• _RECORDS SHOWN_:
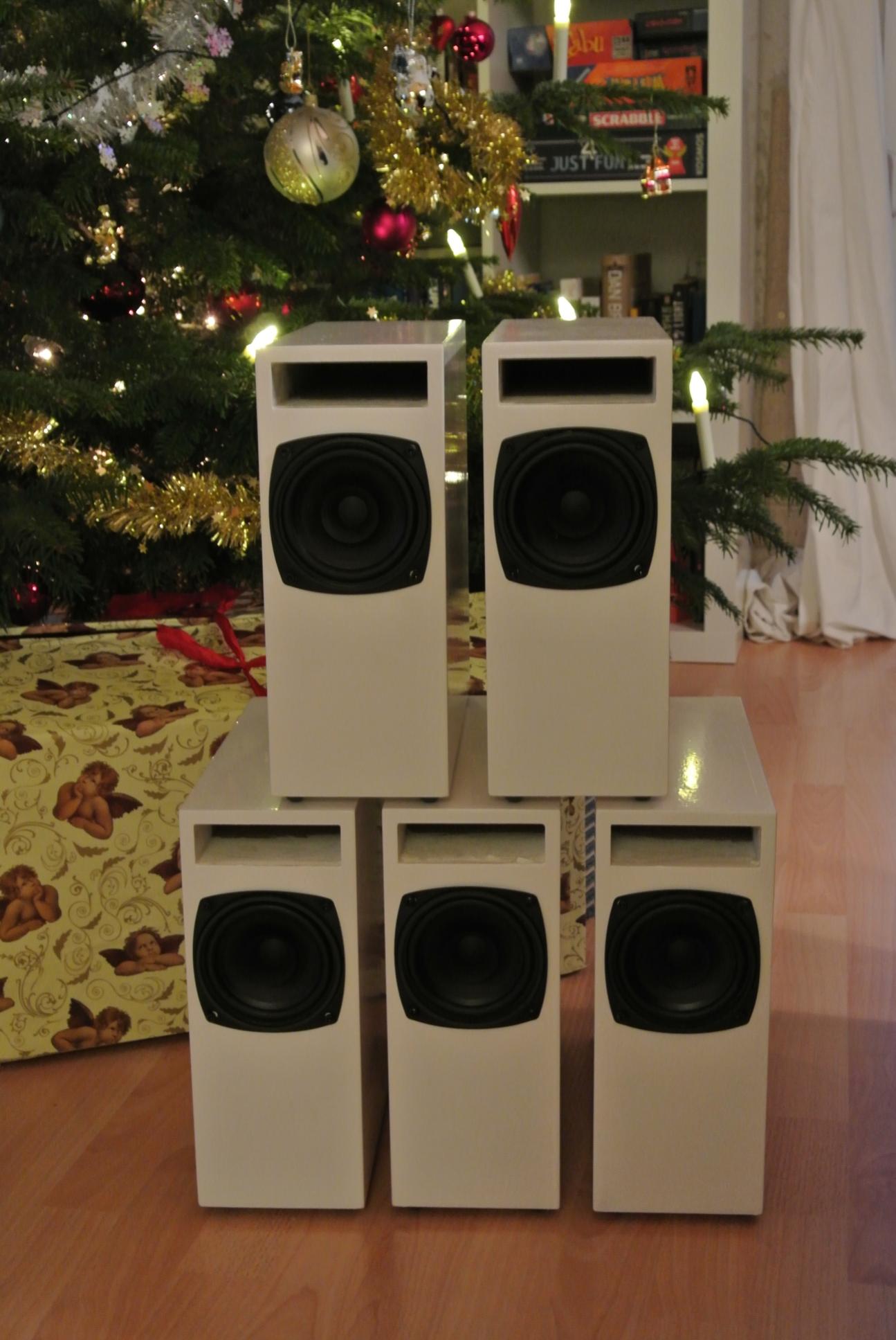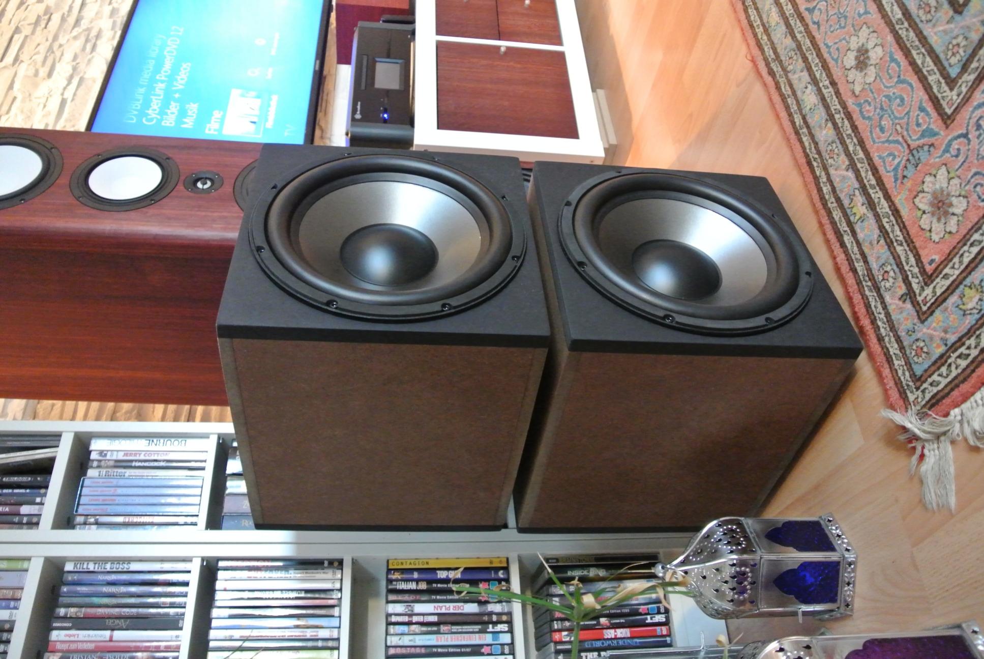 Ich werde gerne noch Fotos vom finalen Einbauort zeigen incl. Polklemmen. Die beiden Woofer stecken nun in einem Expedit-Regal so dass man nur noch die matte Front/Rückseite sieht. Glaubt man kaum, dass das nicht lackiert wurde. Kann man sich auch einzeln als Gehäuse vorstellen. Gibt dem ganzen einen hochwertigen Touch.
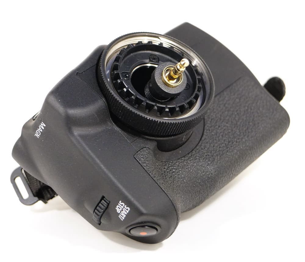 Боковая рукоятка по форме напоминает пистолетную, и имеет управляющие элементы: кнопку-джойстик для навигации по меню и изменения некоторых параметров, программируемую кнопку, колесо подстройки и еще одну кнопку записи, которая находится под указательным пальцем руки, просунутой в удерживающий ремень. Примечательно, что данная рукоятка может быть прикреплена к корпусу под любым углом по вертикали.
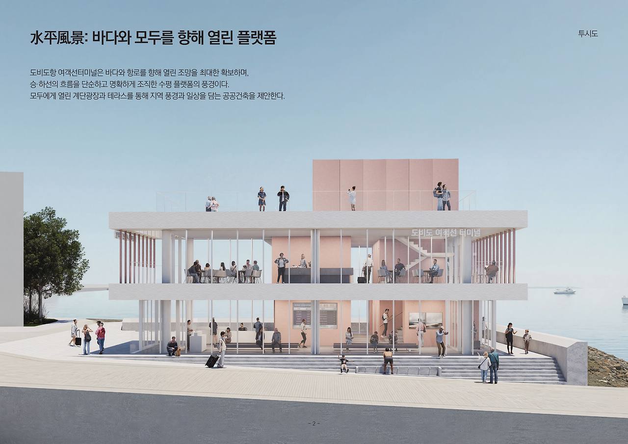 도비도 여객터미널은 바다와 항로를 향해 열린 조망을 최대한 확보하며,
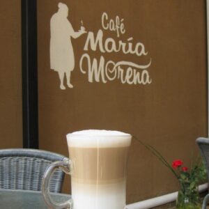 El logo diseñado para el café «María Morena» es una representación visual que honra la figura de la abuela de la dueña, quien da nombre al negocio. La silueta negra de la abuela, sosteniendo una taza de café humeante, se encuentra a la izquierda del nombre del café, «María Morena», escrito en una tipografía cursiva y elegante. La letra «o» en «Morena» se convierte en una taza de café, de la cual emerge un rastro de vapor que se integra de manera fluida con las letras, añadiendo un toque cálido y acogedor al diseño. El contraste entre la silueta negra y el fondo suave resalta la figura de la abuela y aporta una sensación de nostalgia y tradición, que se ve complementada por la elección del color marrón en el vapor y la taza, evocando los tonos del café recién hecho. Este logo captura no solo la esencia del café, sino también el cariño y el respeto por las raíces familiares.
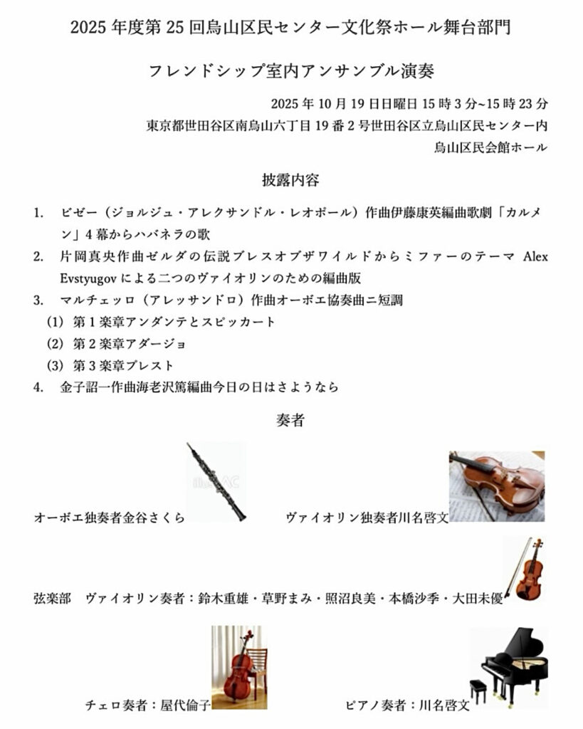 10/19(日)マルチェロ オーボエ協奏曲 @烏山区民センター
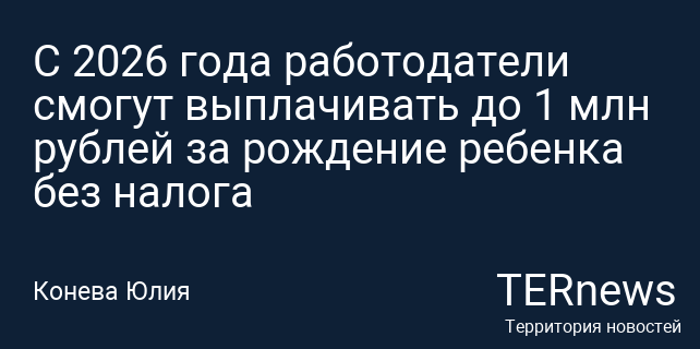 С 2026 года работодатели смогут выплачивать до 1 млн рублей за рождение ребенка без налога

* * *

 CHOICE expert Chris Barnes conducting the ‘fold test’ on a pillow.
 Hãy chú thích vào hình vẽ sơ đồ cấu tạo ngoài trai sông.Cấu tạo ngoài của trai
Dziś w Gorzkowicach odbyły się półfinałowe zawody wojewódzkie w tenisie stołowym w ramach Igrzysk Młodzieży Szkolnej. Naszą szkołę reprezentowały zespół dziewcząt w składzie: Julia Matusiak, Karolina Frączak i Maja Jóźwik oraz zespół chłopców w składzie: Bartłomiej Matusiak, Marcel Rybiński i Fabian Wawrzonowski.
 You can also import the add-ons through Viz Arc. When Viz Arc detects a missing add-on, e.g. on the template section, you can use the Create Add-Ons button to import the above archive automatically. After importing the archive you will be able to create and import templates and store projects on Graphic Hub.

• _WORK INSTRUCTIONS_: Using the data above, reproduce exactly the lines from the line that contains "Dziś w Gorzkowicach" through the line that contains "You can also", including both.

• _EXERCISE OUTPUT_:
Dziś w Gorzkowicach odbyły się półfinałowe zawody wojewódzkie w tenisie stołowym w ramach Igrzysk Młodzieży Szkolnej. Naszą szkołę reprezentowały zespół dziewcząt w składzie: Julia Matusiak, Karolina Frączak i Maja Jóźwik oraz zespół chłopców w składzie: Bartłomiej Matusiak, Marcel Rybiński i Fabian Wawrzonowski.
 You can also import the add-ons through Viz Arc. When Viz Arc detects a missing add-on, e.g. on the template section, you can use the Create Add-Ons button to import the above archive automatically. After importing the archive you will be able to create and import templates and store projects on Graphic Hub.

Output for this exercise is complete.